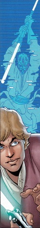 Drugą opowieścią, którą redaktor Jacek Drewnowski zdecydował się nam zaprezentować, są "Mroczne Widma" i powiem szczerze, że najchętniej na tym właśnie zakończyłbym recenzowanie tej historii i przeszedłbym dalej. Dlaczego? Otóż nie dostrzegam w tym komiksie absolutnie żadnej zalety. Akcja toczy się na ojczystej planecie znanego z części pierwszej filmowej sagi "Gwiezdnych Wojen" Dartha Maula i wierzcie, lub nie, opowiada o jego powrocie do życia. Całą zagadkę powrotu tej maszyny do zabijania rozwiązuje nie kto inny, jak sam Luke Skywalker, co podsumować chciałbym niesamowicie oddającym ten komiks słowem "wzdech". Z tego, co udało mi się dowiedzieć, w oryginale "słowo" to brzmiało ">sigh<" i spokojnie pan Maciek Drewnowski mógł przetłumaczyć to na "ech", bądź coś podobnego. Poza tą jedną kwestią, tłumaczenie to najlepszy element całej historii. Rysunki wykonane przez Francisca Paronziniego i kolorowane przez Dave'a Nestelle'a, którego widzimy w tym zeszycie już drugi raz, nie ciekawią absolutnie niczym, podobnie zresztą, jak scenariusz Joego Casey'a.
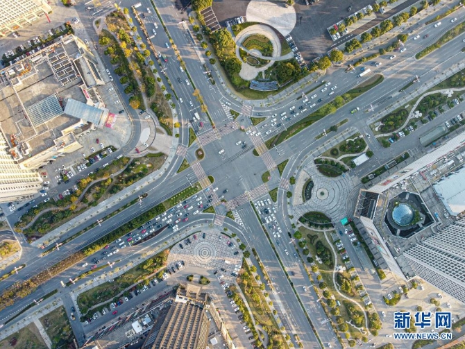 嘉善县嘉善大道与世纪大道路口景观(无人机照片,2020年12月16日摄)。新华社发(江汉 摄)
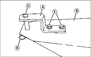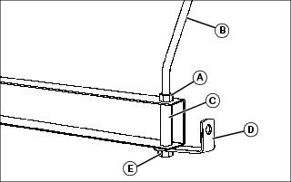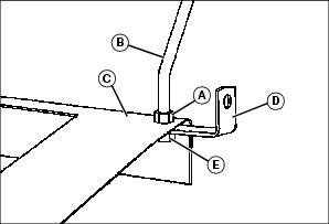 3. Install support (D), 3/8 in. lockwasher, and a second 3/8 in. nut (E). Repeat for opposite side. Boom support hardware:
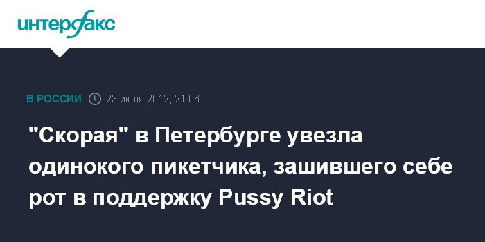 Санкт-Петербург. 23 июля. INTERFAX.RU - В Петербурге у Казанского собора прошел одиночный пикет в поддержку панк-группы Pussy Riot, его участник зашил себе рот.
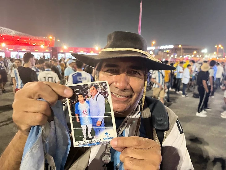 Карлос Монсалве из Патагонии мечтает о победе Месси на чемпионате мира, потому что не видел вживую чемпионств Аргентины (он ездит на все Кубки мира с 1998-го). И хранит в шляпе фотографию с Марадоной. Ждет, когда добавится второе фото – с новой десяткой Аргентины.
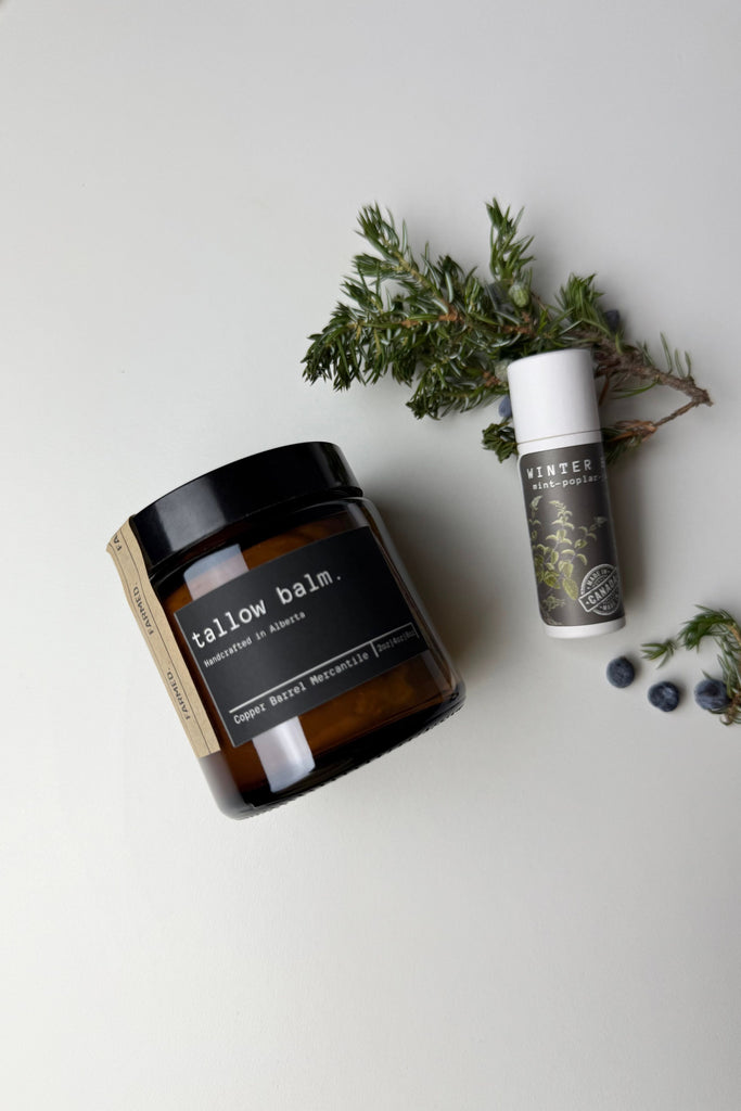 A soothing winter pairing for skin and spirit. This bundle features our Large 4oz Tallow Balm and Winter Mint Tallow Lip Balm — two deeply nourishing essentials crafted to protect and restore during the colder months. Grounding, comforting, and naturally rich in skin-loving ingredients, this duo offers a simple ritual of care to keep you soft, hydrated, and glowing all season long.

- - - - - - -

_Task description_. Copy all of the records verbatim, omitting the pictures.

_Worked solution_.
 Drugą opowieścią, którą redaktor Jacek Drewnowski zdecydował się nam zaprezentować, są "Mroczne Widma" i powiem szczerze, że najchętniej na tym właśnie zakończyłbym recenzowanie tej historii i przeszedłbym dalej. Dlaczego? Otóż nie dostrzegam w tym komiksie absolutnie żadnej zalety. Akcja toczy się na ojczystej planecie znanego z części pierwszej filmowej sagi "Gwiezdnych Wojen" Dartha Maula i wierzcie, lub nie, opowiada o jego powrocie do życia. Całą zagadkę powrotu tej maszyny do zabijania rozwiązuje nie kto inny, jak sam Luke Skywalker, co podsumować chciałbym niesamowicie oddającym ten komiks słowem "wzdech". Z tego, co udało mi się dowiedzieć, w oryginale "słowo" to brzmiało ">sigh<" i spokojnie pan Maciek Drewnowski mógł przetłumaczyć to na "ech", bądź coś podobnego. Poza tą jedną kwestią, tłumaczenie to najlepszy element całej historii. Rysunki wykonane przez Francisca Paronziniego i kolorowane przez Dave'a Nestelle'a, którego widzimy w tym zeszycie już drugi raz, nie ciekawią absolutnie niczym, podobnie zresztą, jak scenariusz Joego Casey'a.
 嘉善县嘉善大道与世纪大道路口景观(无人机照片,2020年12月16日摄)。新华社发(江汉 摄)
 3. Install support (D), 3/8 in. lockwasher, and a second 3/8 in. nut (E). Repeat for opposite side. Boom support hardware:
 Санкт-Петербург. 23 июля. INTERFAX.RU - В Петербурге у Казанского собора прошел одиночный пикет в поддержку панк-группы Pussy Riot, его участник зашил себе рот.
 Карлос Монсалве из Патагонии мечтает о победе Месси на чемпионате мира, потому что не видел вживую чемпионств Аргентины (он ездит на все Кубки мира с 1998-го). И хранит в шляпе фотографию с Марадоной. Ждет, когда добавится второе фото – с новой десяткой Аргентины.
 A soothing winter pairing for skin and spirit. This bundle features our Large 4oz Tallow Balm and Winter Mint Tallow Lip Balm — two deeply nourishing essentials crafted to protect and restore during the colder months. Grounding, comforting, and naturally rich in skin-loving ingredients, this duo offers a simple ritual of care to keep you soft, hydrated, and glowing all season long.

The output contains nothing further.